Ellison resigned from JP Morgan in April 2012, two-and-half years after joining the firm. He had signed a promissory note in which he agreed to repay JP Morgan’s loan over the course of seven years, said JP Morgan’s attorney, Eugene Small of Eugene L. Small, P.C., in New York.  

Ellison claimed that while he was promised that he’d work at JP Morgan, what he wound up getting was old Bear Stearns, which JP Morgan acquired in 2008 following the firm’s collapse.  Rather than JP Morgan technology, he ended up with the Bear Stearns platform and Bear Stearns back-office capabilities and bond-trading support, said Ellison’s lawyer James Sigler, an attorney in Granada Hills, Calif.

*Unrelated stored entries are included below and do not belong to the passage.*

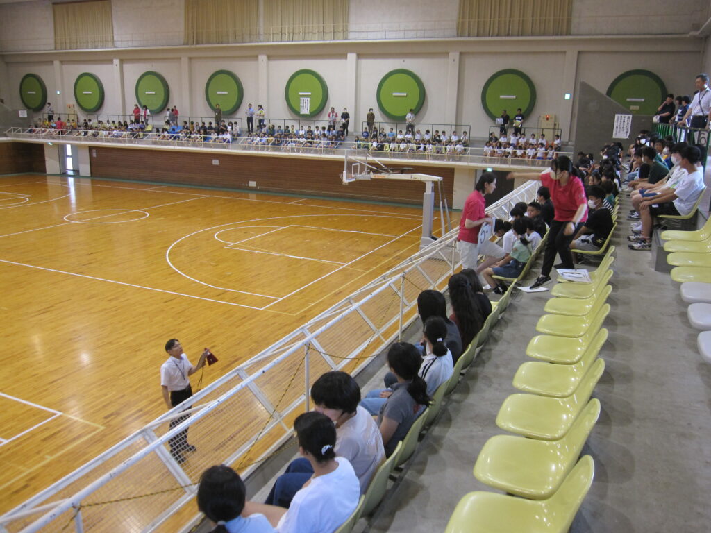 小学校は浸水区域に入っているため、広域体育館へ移動します。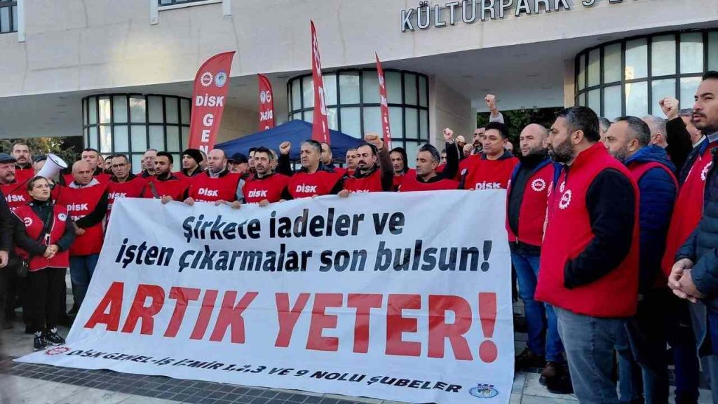 KUZEYEGEHABER-İzmir Büyükşehir Belediyesi’nde çalışanlar, ödenmeyen yan haklar ve fazla mesai alacakları ile toplu işten çıkarmalara karşı mücadeleye devam ediyor. DİSK Genel-İş Sendikası İzmir 1, 2, 3 ve 9 No’lu şubelerde örgütlü binlerce İZBB emekçisi, dün “Çıplak maaşa çıplak ayakla yürüyoruz” eylemlerine başlamıştı.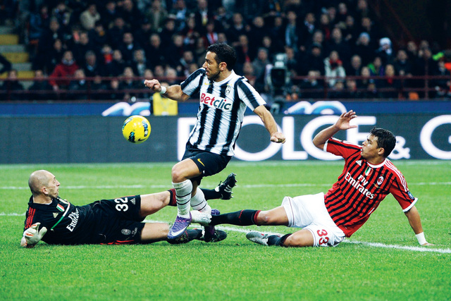 أهدر ميلان «الروسينيري» حامل اللقب فرصة الحاق الخسارة الاولى بضيفه يوفنتوس هذا الموسم عندما تعادل معه 1-1 في قمة المرحلة الخامسة والعشرين من الدوري الايطالي لكرة القدم اول من أمس على ملعب "سان سيرو" امام نحو 80 الف متفرج.

“Mr. Ellison wasn’t interested in going to Bear Stearns, yet that’s what he got,” Sigler said.

As a result, Ellison lost clients who got “fed up” with the antiquated systems, according to Sigler. “A number of his large clients gave up trying to use the outdated IT systems and left. Others left because Mr. Ellison couldn’t offer them a full range of financial products,” Sigler said.

A big point of contention was Ellison’s belief that he would be able to sell insurance. Ellison claimed that he thought this was the case, but JP Morgan argued otherwise, saying that it told Ellison several times that the firm was not in the insurance business, said Small.

Small noted that Ellison made a litany of claims, all of which were disproven at the hearing. Ellison claimed, for example, that JP Morgan has only 10 outside money managers he could use, when in fact he had well over 100, according to Small. 

“It was all sorts of baseless claims that he set forth in the hope of getting out of having to pay them back all the money he owed them [JP Morgan] and maybe getting some more money,” Small said.

In addition to the $750,000 loan, Ellison was also offered $250,000 in deferred stock, which he never received, said Sigler.